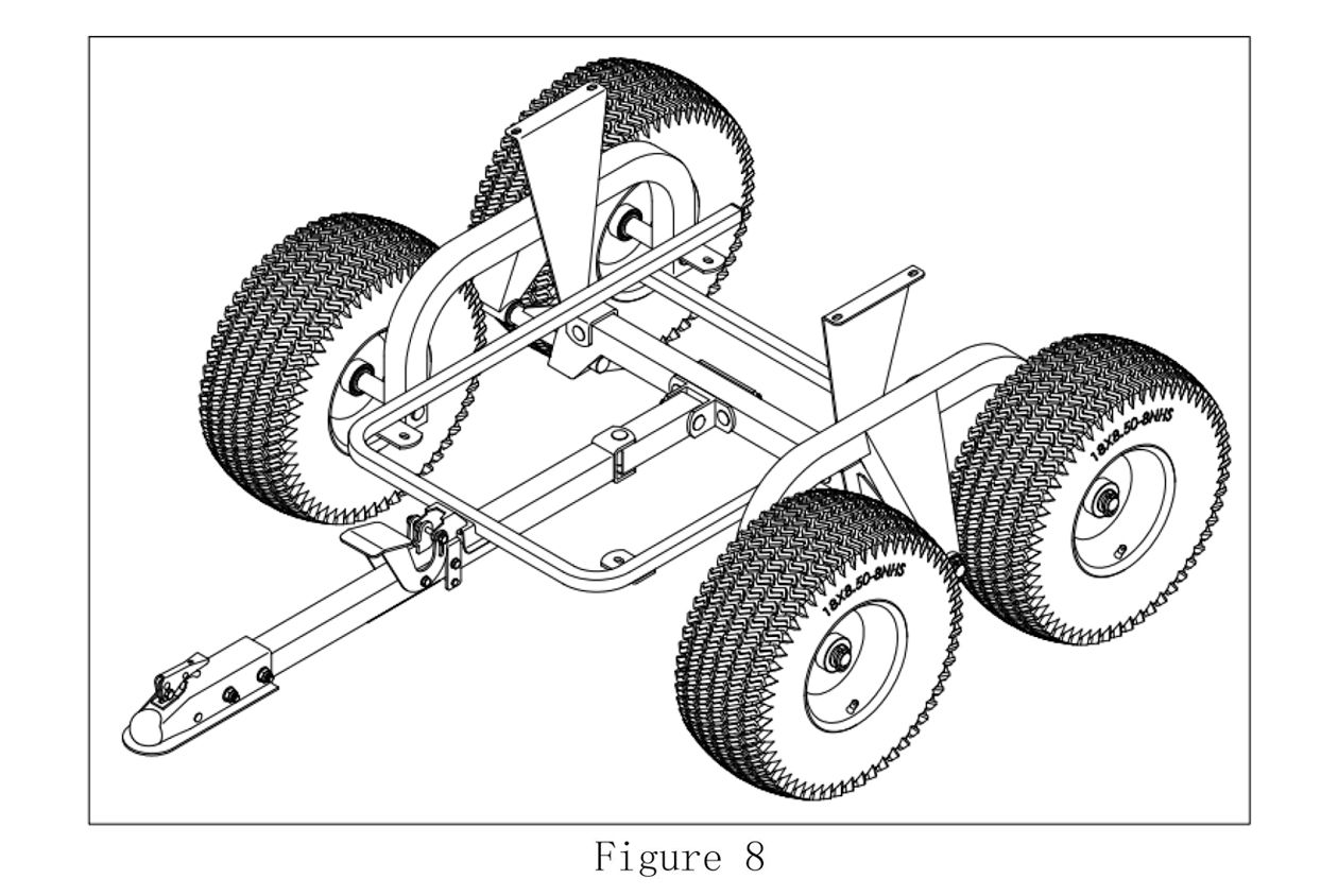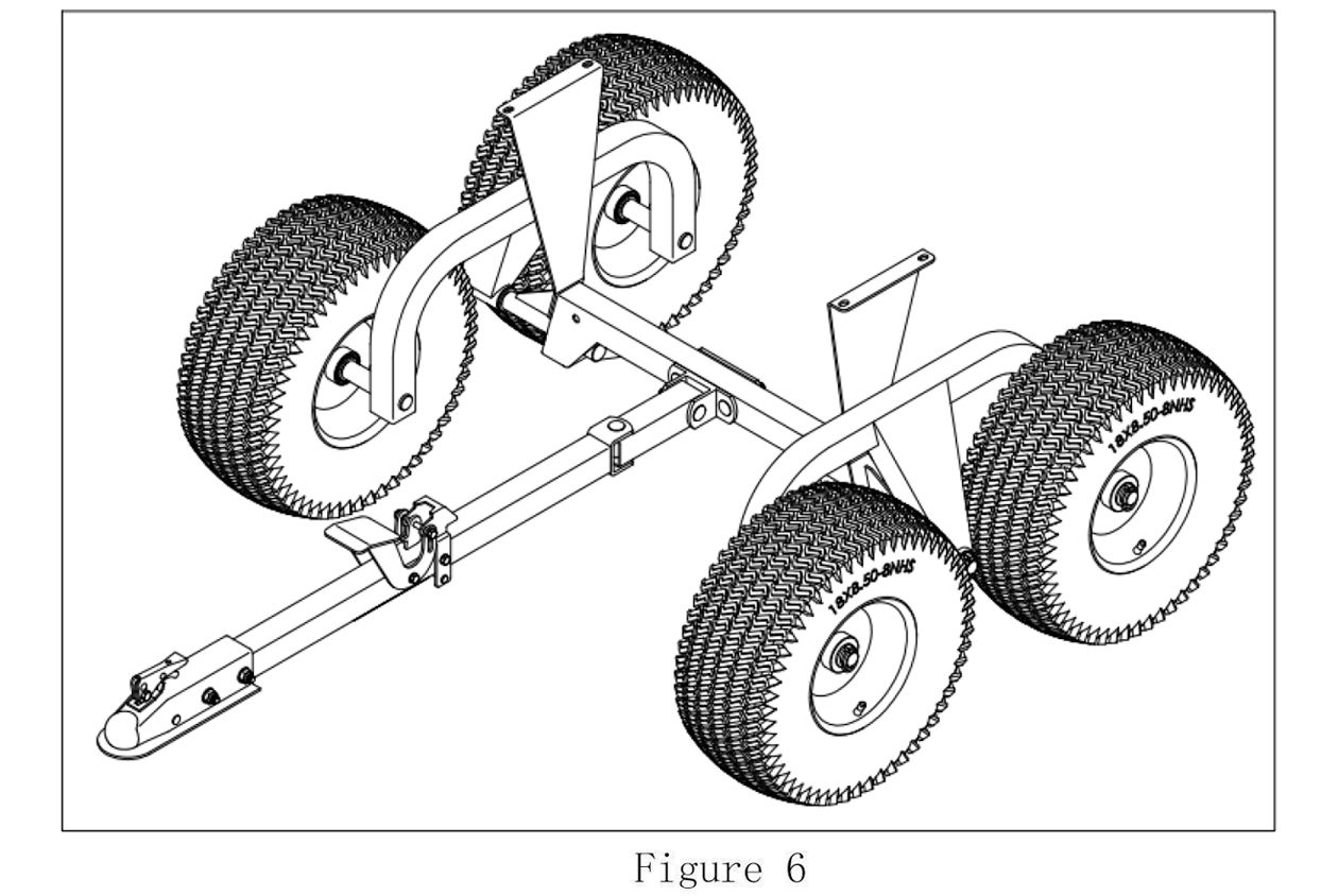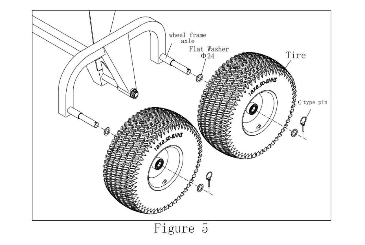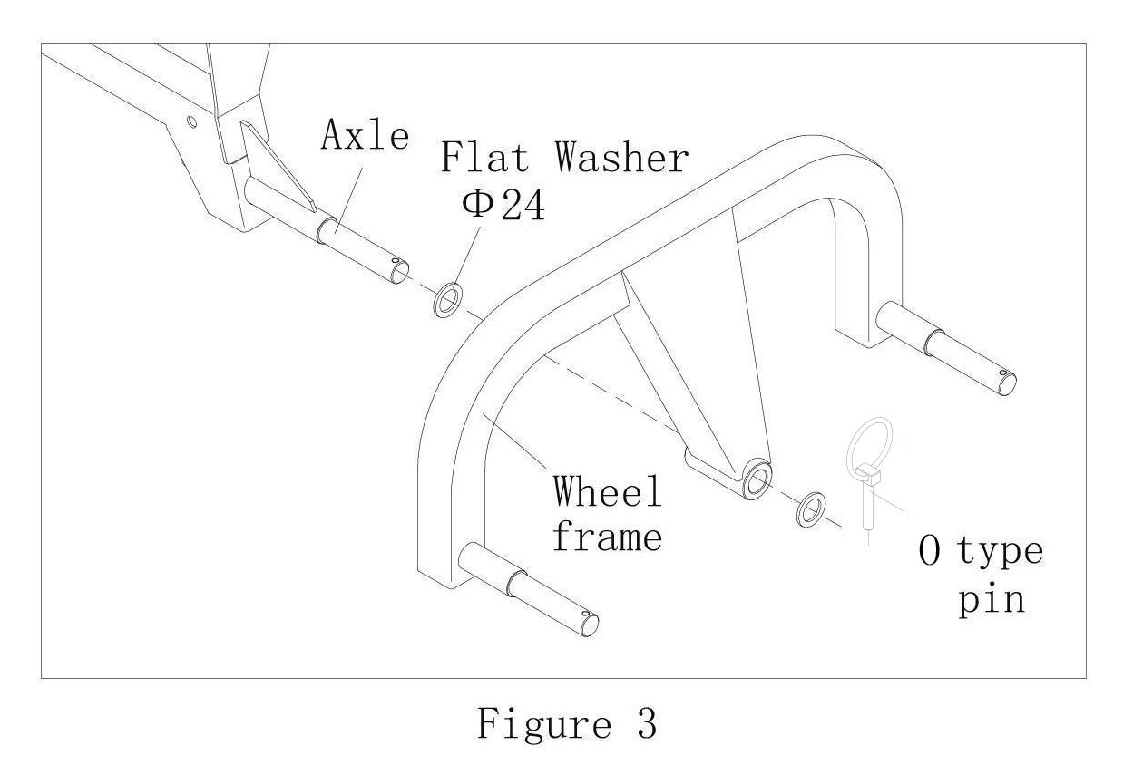 1. Comme indiqué sur la Figure 3, utilisez 2 x Rondelles plates φ24 et 1 x goupille de type 0 pour installer un Cadre de roue sur l'Axe d'un côté de la Poutre, et installez le Cadre de roue de l'autre côté de la même manière (voir Figure 4). 2. Comme indiqué sur la Figure 5, utilisez 2 x Rondelles plates φ24 et 1 x goupille de type 0 pour installer un Pneu sur l'Axe du Cadre de roue. La valve de gonflage du pneu est à l'extérieur. Ensuite, installez le deuxième Pneu et utilisez la même méthode de l'autre côté. Installez 2 Pneus (voir Figure 6).
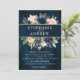 O belo convite de casamento floral boho apresenta gráficos florais pintados manualmente com aquarela/rosas em tons ricos de azul-marinho e cor-de-rosa-pincel/pêssego e uma fonte encantadora de estilo de letreiros manuais. Há dois fundos para o lado de trás do convite. Marinho azul e faixa branca rosa um. você pode alterá-la selecionando o link "personalizar mais". Entre em contato comigo para obter ajuda sobre a personalização ou se você precisar de outro produto com este design.
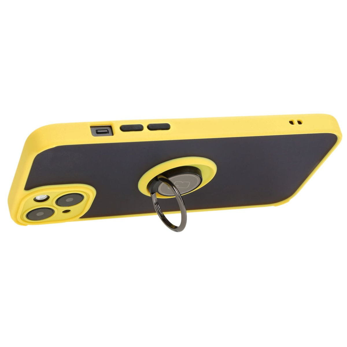 Etui z uchwytem na palec Bizon Case Hybrid Ring do iPhone 15 Plus, przydymione z żółtą ramką
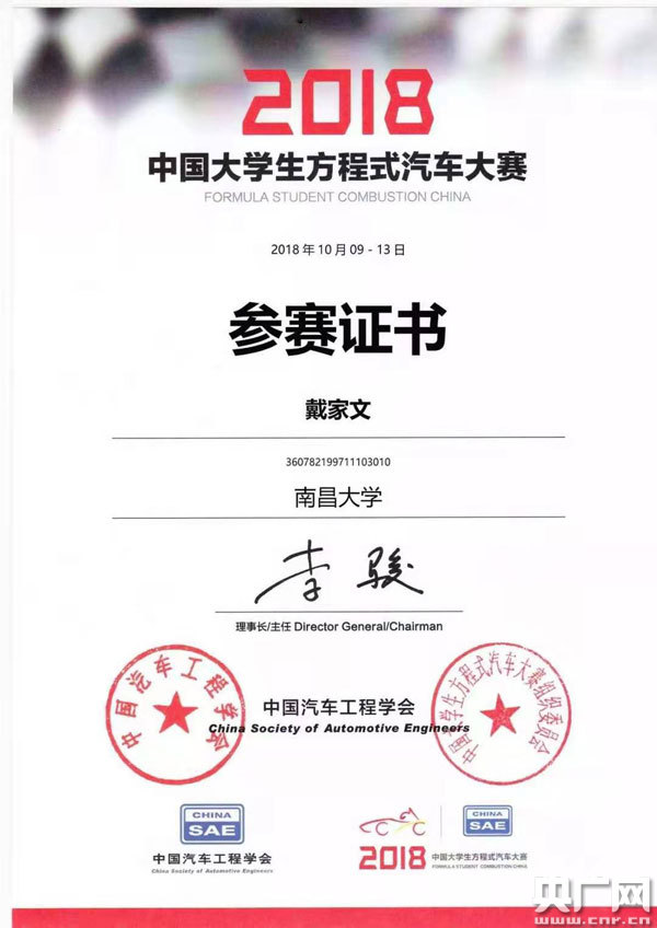 追夢道路始于興趣。高中階段,戴家文便對未來發(fā)展有了清晰的方向。喜好汽車的他,在填報志愿時尤為大膽地只報了機(jī)械類專業(yè)。在大學(xué)四年里,他加入了我校的致骕方程式賽車隊,積極參加各種比賽,如中國大學(xué)生方程式汽車大賽、全國教育機(jī)器人大賽、江西省無碳小車比賽,參與雙創(chuàng)項目,申請實用新型專利,可謂碩果累累。
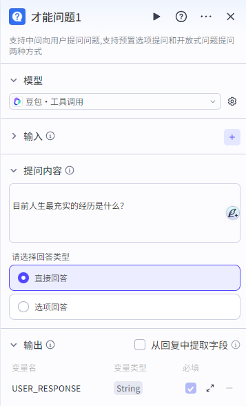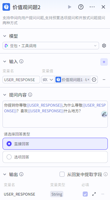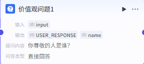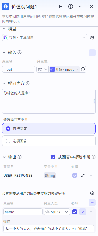 根据书中内容,依次输入需要用户作答的问题,第一个问题即是“你尊敬的人是谁”,因为问题是开放式的,没有预设选项,所以回答类型选择“直接回答”,大模型选择最基础快速的即可
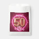 Celebrate a glamorous milestone with these stunning "Fifty & Fabulous" 50th birthday party favor bags! Featuring a vibrant, eye-catching design with 3D rose gold balloon numbers, a neon pink glowing circle, and elegant script typography set against a deep magenta background with festive confetti. These stylish paper treat bags are the perfect way to package thank-you gifts, candies, or memorable keepsakes for guests at a women's fiftieth birthday celebration. Easily change the name on the template to create the perfect cohesive look for your fabulous party table setting!
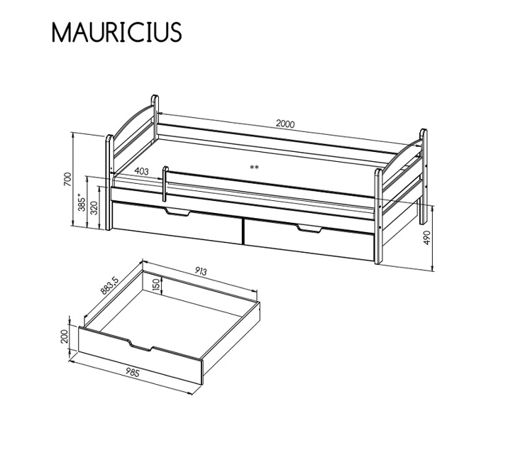 Praktická a kvalitná detská posteľ MAURICIUS je ideálnym riešením do každej detskej izby. Vďaka dvom výsuvným šuflíkom ponúka dostatok úložného priestoru na hračky, oblečenie či posteľnú bielizeň.
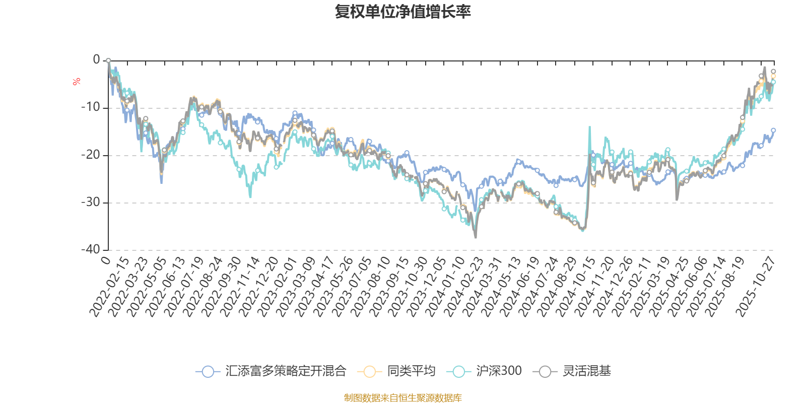 截至10月27日,汇添富多策略定开混合近三个月复权单位净值增长率为9.41%,位于同类可比基金770/1287;近半年复权单位净值增长率为13.53%,位于同类可比基金942/1287;近一年复权单位净值增长率为7.09%,位于同类可比基金1058/1287;近三年复权单位净值增长率为-3.54%,位于同类可比基金1048/1286。
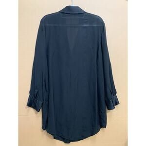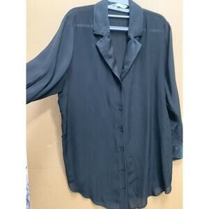 ZARA Womans Sheer Black Long Sleeved Button Down Blouse Satin Cuffs & Collar MED
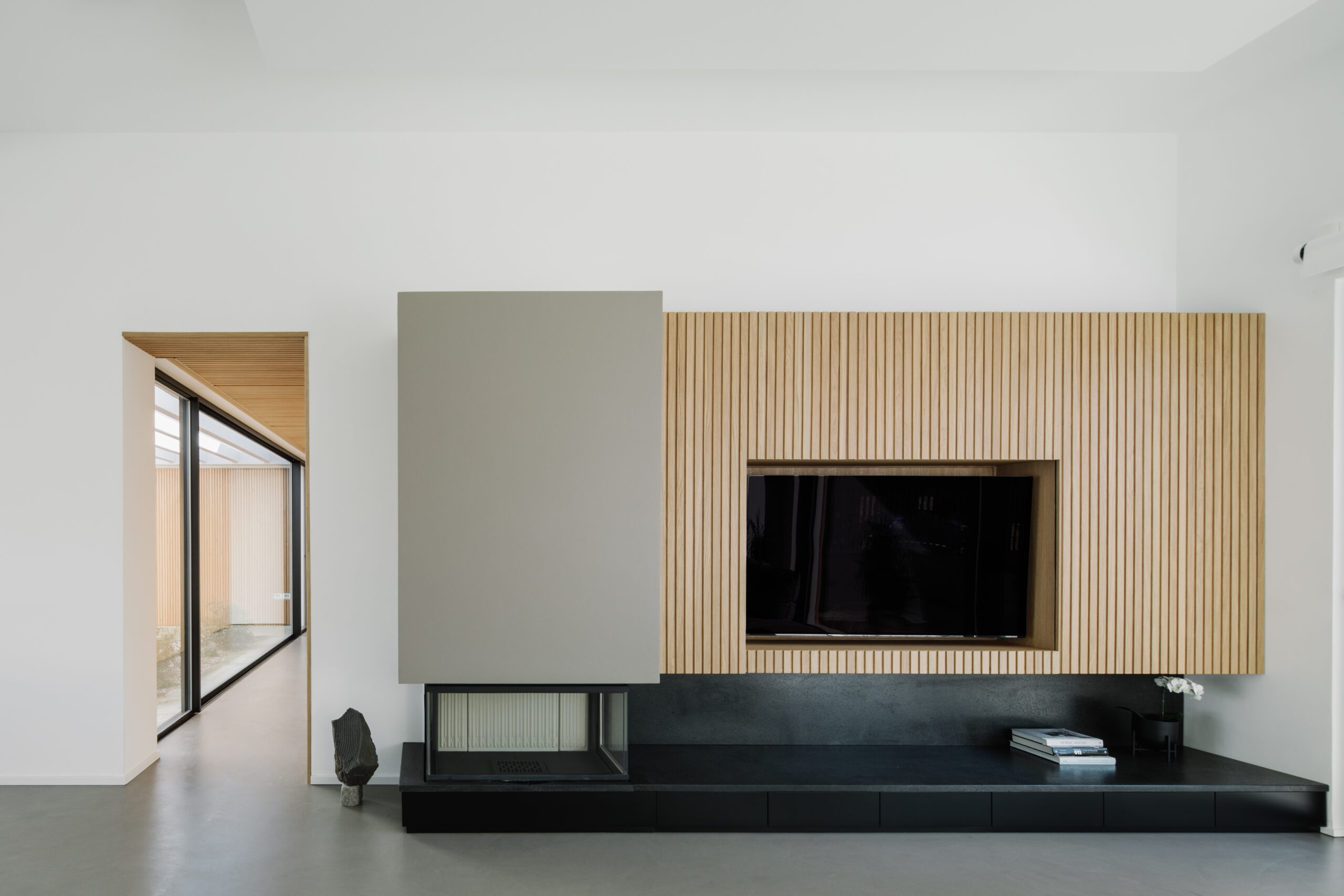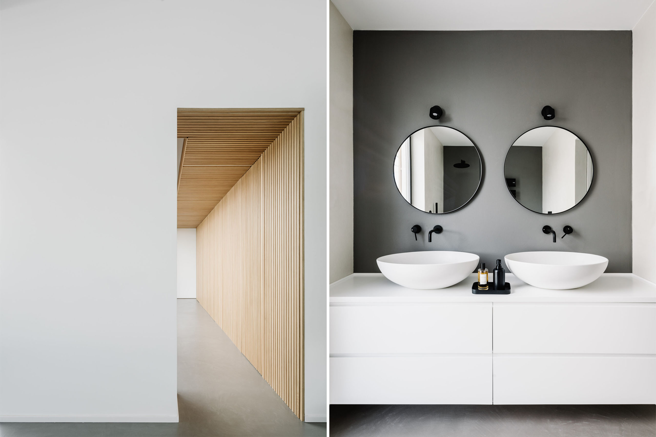 Particolare rilevanza è stata data al portoncino blindato, anch’esso rivestito da listelli a scomparsa nella parete.
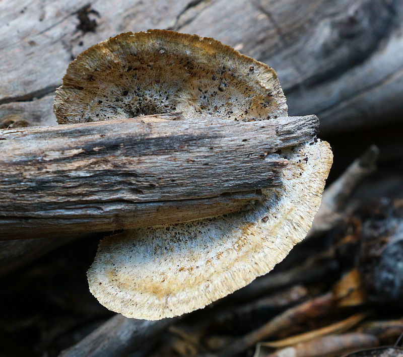 um die beiden Borstentrameten auseinanderzuhalten musst Du die Tramafarbe beurteilen. Bei C. gallica braun, bei C. trogii weißlichcreme. Äußerlich ist zwar C. gallica in allen Teilen grundsätzlich dunkler als C. trogii. Da kann man sich aber schnell vertun. An Esche ist es fast immer C. gallica, an Weide und Pappel meist C. trogii.
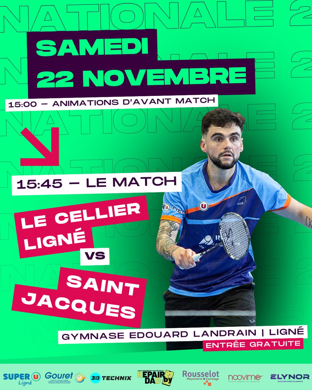 Publié le dimanche 16 novembre 2025 - LeCLUB (Le Cellier Ligné Union Badminton)
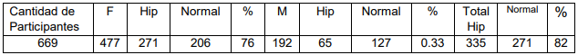 Al realizar un estudio minucioso del comportamiento de los resultados comprobados en las encuestas a los 35 profesores de cultura física sobre el indicador a medir, relacionado con la correspondencia entre las metodologías utilizadas en sus alternativas o ambas detalladas en la presencia de personal capacitado y equipos para medir la presión arterial antes de comenzar su clase, para dicha interrogante se desarrolló un desglose de personas hipertensas detalladas por su sexo, quedando la misma de la siguiente forma: cantidad de personas hipertensas 669 de ellas 477 son del sexo
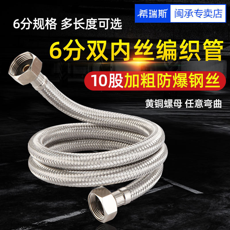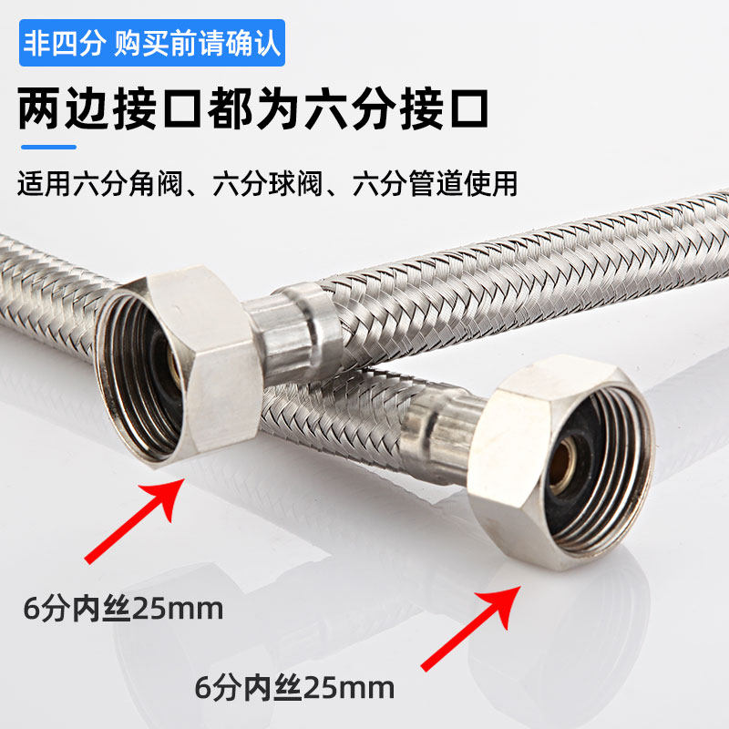 DN20 6 points inner wire hose extension tube 3 4 304 stainless steel braided cold and hot water inlet pipe high temperature explosion-proof
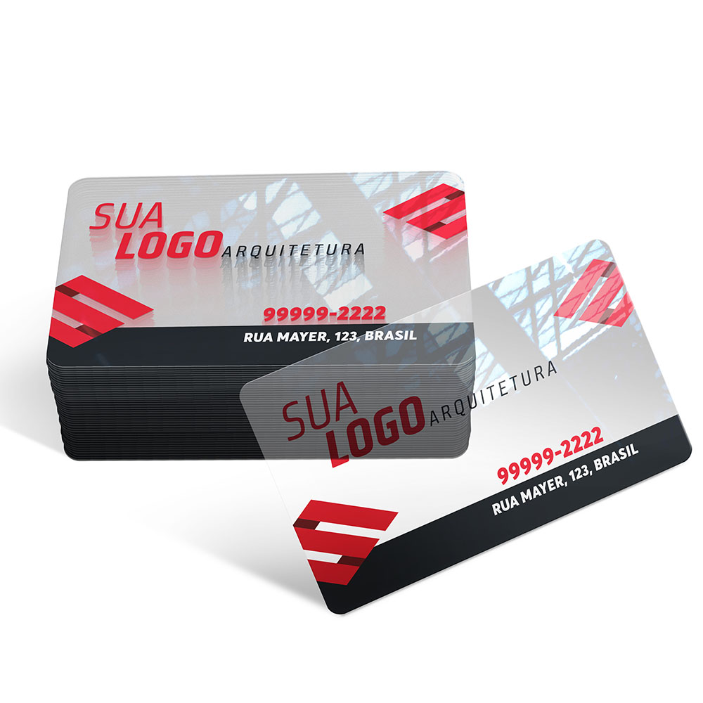 CARTÕES DE VISITA PVC 0,30MM TRANSPARENTE TRANSPARENTE COM TINTA BRANCA Colorido frente - 250 un.
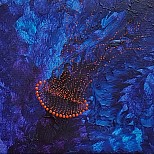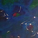 The main colours are blue and green in this "Underwater" piece. The basis consists of several layers of acrylic paint, using various techniques. Then, by following the lines and waves on canvas, the dreamy underwater landscape appeared almost by itself.
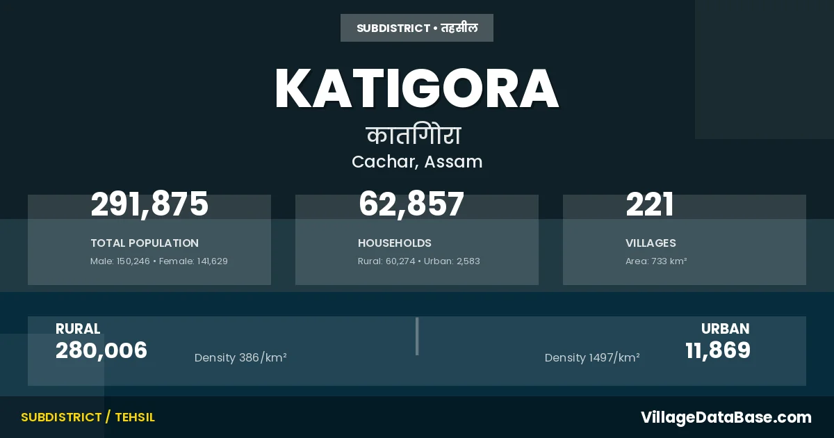 Katigora is a town and Subdivision in the Cachar district of the Assam. In India, a Subdivision is a subdivision of a district responsible for the administration and revenue collection of a specific area within the district. Subdivisions play a crucial role in the local governance structure, contributing significantly to the development and administration of their communities.

______

Your assignment =>
Your answer must be everything above from the line with "ZARA Womans Sheer" down to the line with "Publié le dimanche", word for word, and no pictures.

Task result =>
 ZARA Womans Sheer Black Long Sleeved Button Down Blouse Satin Cuffs & Collar MED
 Particolare rilevanza è stata data al portoncino blindato, anch’esso rivestito da listelli a scomparsa nella parete.
 um die beiden Borstentrameten auseinanderzuhalten musst Du die Tramafarbe beurteilen. Bei C. gallica braun, bei C. trogii weißlichcreme. Äußerlich ist zwar C. gallica in allen Teilen grundsätzlich dunkler als C. trogii. Da kann man sich aber schnell vertun. An Esche ist es fast immer C. gallica, an Weide und Pappel meist C. trogii.
 Publié le dimanche 16 novembre 2025 - LeCLUB (Le Cellier Ligné Union Badminton)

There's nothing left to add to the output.